'''

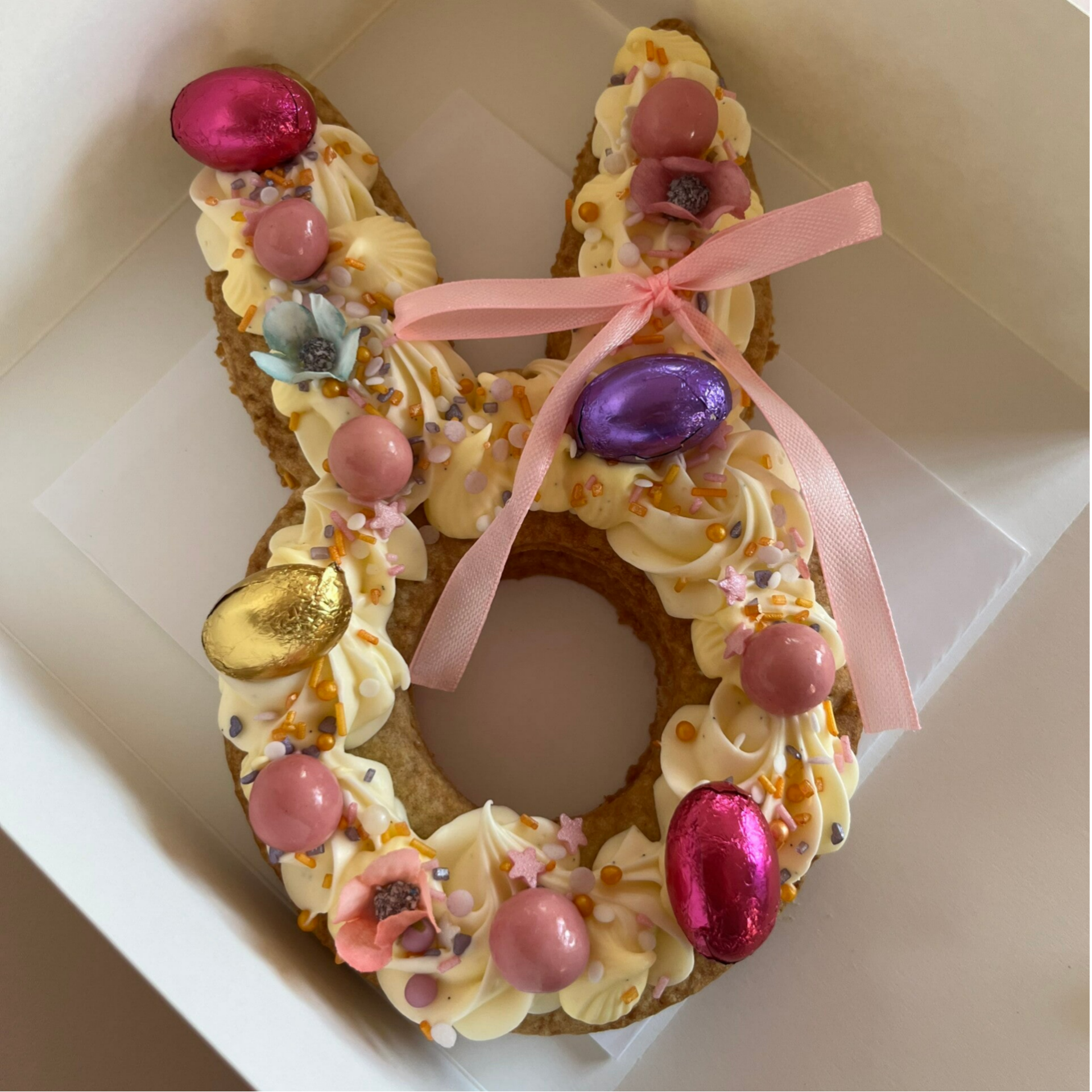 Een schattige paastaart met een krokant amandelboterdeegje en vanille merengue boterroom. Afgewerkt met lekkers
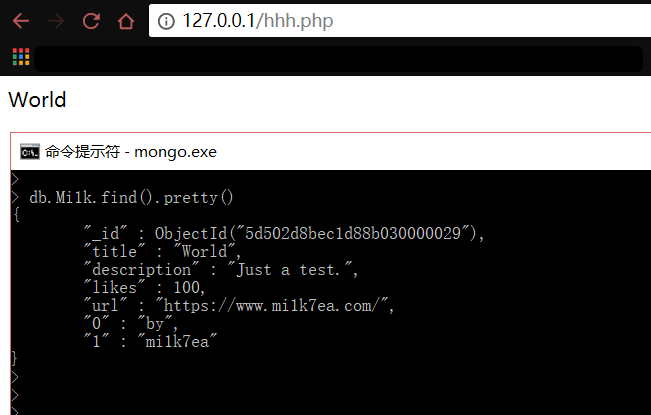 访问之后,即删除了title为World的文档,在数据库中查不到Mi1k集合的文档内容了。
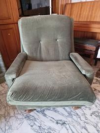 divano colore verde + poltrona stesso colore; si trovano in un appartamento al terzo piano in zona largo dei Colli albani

'''
'''

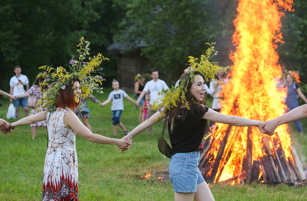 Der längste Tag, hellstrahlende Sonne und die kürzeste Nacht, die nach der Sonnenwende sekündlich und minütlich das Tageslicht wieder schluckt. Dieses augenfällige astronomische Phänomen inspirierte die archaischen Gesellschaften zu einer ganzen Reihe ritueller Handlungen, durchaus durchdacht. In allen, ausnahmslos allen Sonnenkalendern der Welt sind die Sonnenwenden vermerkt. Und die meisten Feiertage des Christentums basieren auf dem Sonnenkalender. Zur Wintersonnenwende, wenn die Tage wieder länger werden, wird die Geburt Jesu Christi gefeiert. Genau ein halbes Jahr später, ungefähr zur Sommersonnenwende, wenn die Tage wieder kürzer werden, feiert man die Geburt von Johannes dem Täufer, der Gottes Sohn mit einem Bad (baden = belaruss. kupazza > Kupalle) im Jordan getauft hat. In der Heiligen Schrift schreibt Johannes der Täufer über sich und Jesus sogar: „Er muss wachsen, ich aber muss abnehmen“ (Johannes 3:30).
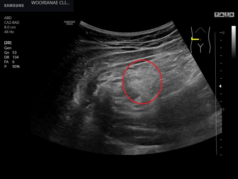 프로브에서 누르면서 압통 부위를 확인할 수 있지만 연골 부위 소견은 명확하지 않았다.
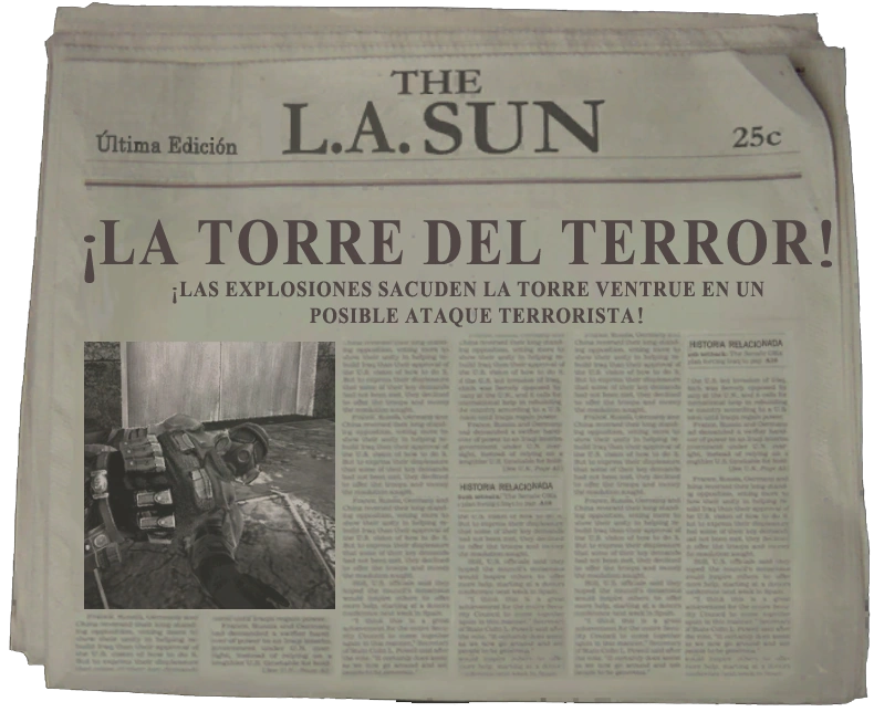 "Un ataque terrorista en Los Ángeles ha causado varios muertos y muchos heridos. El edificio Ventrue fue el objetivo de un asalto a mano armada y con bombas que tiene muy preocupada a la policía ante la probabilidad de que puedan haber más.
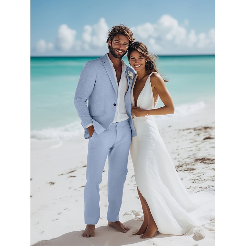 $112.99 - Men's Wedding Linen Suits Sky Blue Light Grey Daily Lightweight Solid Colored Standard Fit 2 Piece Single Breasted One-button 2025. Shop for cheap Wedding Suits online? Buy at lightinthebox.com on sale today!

'''
'''

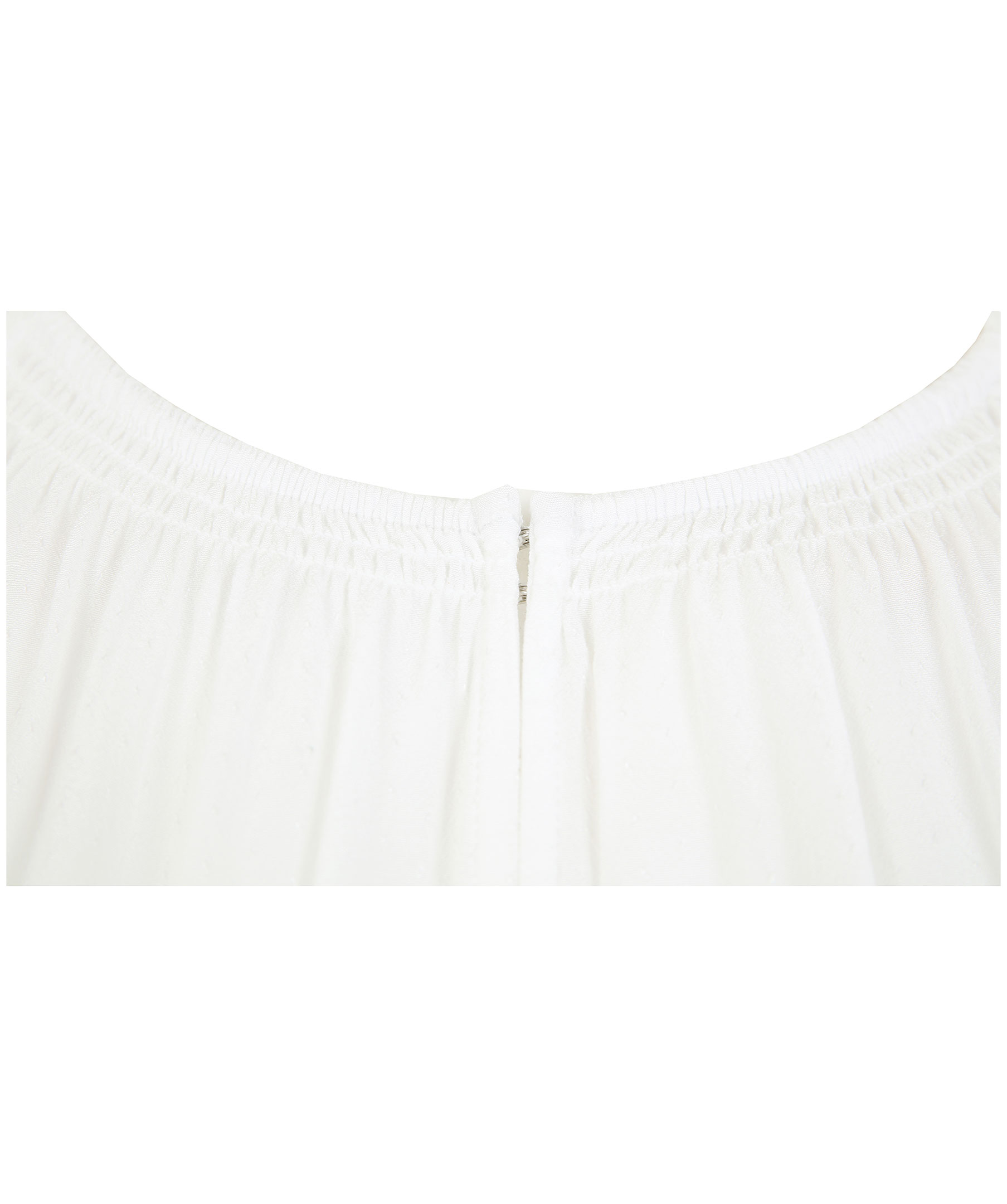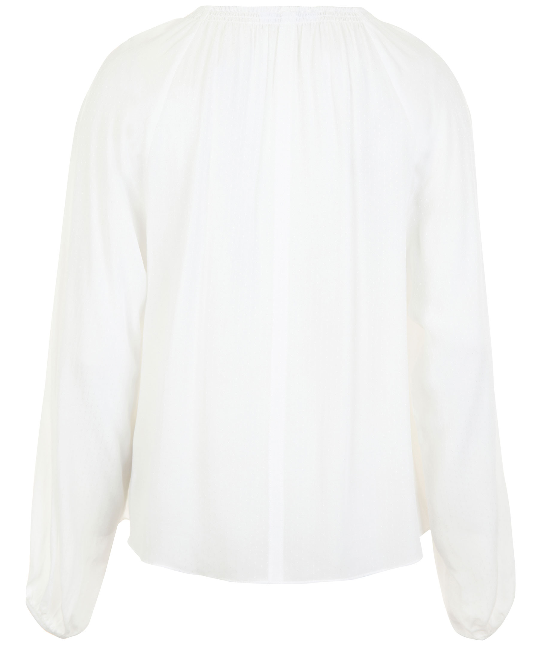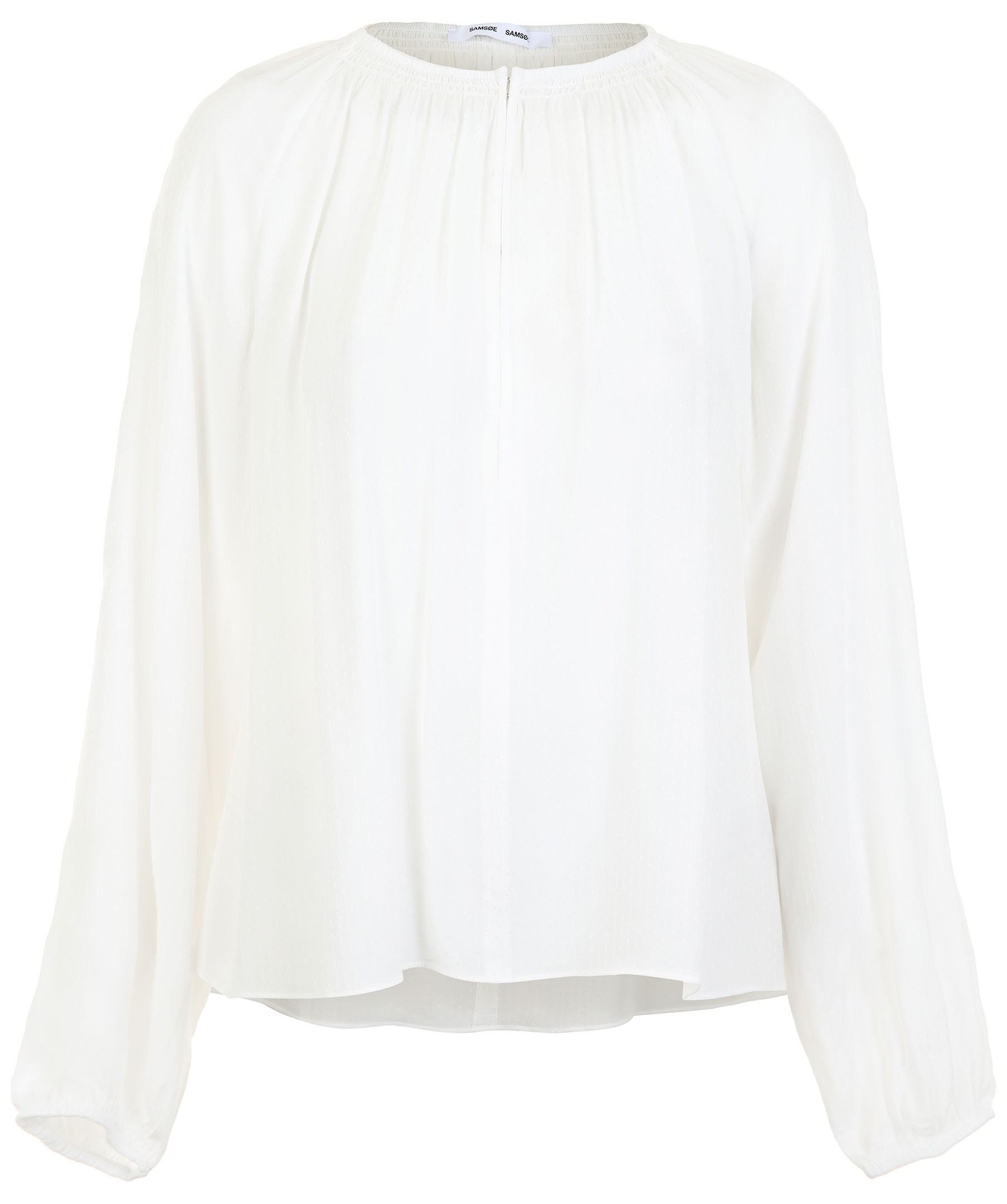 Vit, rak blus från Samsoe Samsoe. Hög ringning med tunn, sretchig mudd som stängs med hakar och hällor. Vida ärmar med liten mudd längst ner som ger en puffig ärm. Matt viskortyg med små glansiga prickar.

'''

## [Your task]
The answer is the lines above from the one with "Een schattige paastaart" to the one with "divano colore verde", set down exactly, with no pictures.

## [Written response]
 Een schattige paastaart met een krokant amandelboterdeegje en vanille merengue boterroom. Afgewerkt met lekkers
 访问之后,即删除了title为World的文档,在数据库中查不到Mi1k集合的文档内容了。
 divano colore verde + poltrona stesso colore; si trovano in un appartamento al terzo piano in zona largo dei Colli albani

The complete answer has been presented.